• **Input data**:
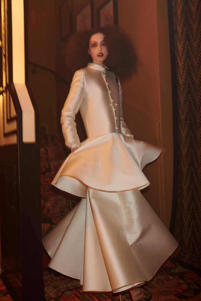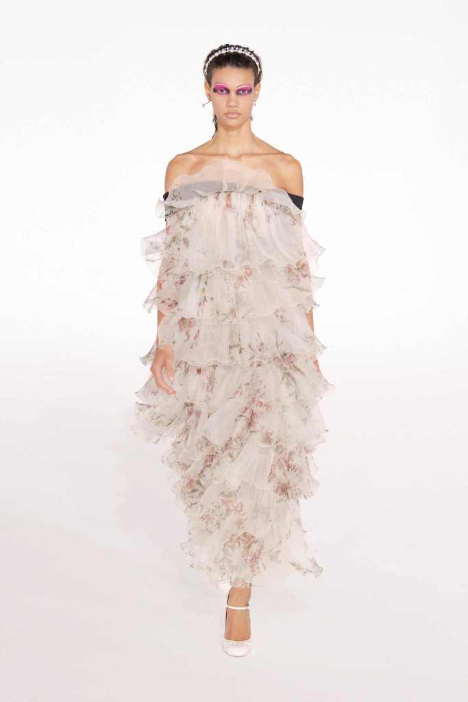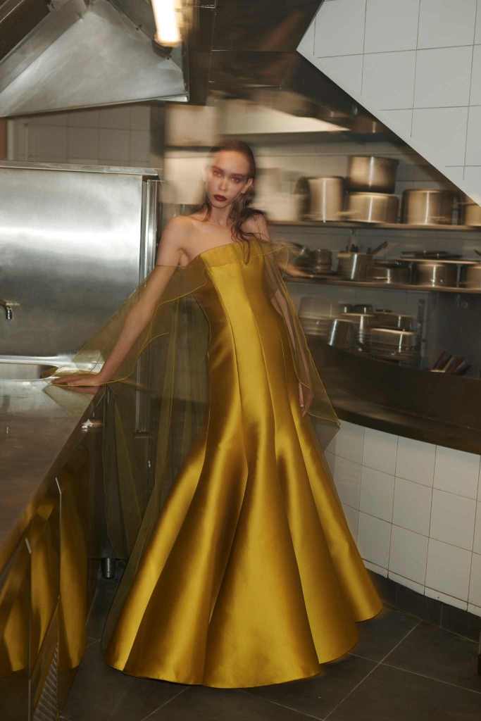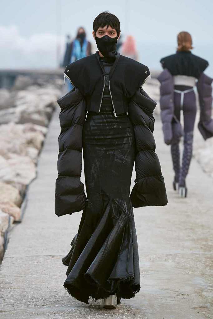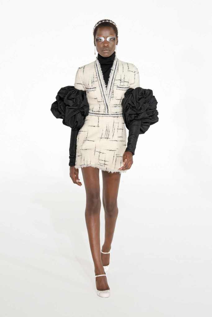 Thom Browne: Thom Browne, it was in all sincerity exquisite. Created with some conventionally rigid silhouettes but softened by the brilliance of Thom Browne. Sprinkled with some old-school glam and all monochromes. The details were vital in this collection. Patches, puffer shawls, big bows, mild corsets, cropped jackets were many among the defining elements. Of course, the gold puffer gown was magnificent.
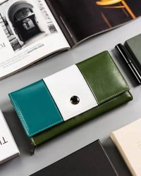 Wielokolorowy zielony skórzany portfel damski na zatrzask — Peterson PTN RD-08-GCL-S
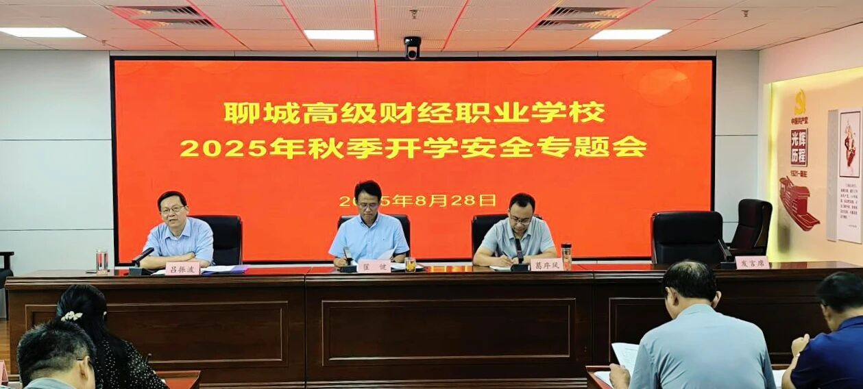 保卫处负责人汇报了学校2025年度春季学期安全工作情况,解读了《聊城高级财经职业学校2025年秋季学期安全管理工作要点》,并作出具体安排。

• **Exercise goal**: Without altering anything, output all the lines above but none of the images.

• **Response area**:
 Thom Browne: Thom Browne, it was in all sincerity exquisite. Created with some conventionally rigid silhouettes but softened by the brilliance of Thom Browne. Sprinkled with some old-school glam and all monochromes. The details were vital in this collection. Patches, puffer shawls, big bows, mild corsets, cropped jackets were many among the defining elements. Of course, the gold puffer gown was magnificent.
 Wielokolorowy zielony skórzany portfel damski na zatrzask — Peterson PTN RD-08-GCL-S
 保卫处负责人汇报了学校2025年度春季学期安全工作情况,解读了《聊城高级财经职业学校2025年秋季学期安全管理工作要点》,并作出具体安排。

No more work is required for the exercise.